Solved – Stepwise Model Selection in Logistic Regression in R

aiclogisticrstepwise regression

I'm implementing a logistic regression model in R and I have 80 variables to chose from. I need to automatize the process of variable selection of the model so I'm using the step function.

I've no problem using the function or finding the model, but when I look at the final model I find that some of the variables chosen by the step function are not significant (I look at this using the summary function and looking at the fourth column in $coef, this is the Wald Test). This is a problem because I need all the variables included in the model to be significant.
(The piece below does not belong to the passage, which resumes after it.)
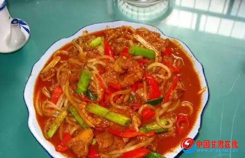 • 甘肃省酒泉市美食鸡丝肉片麻花,清泉羊羔肉

Is there any function or any way to get the best model based on AIC or BIC methods but that also consider that all the coefficients must be significant?
Thanks

Best Answer

Using stepwise selection to find a model is a very bad thing to do. Your hypothesis tests will be invalid, and your out of sample predictive accuracy will be very poor due to overfitting. To understand these points more fully, it may help you to read my answer here: Algorithms for automatic model selection.

The stepAIC function is selecting a model based on the AIC, not whether individual coefficients are above or below some threshold as SPSS does. However, the AIC can be understood as using a specific alpha, just not .05. Instead, it's approximately .157. For more on that, see @Glen_b's answers here: Stepwise regression in R – Critical p-value.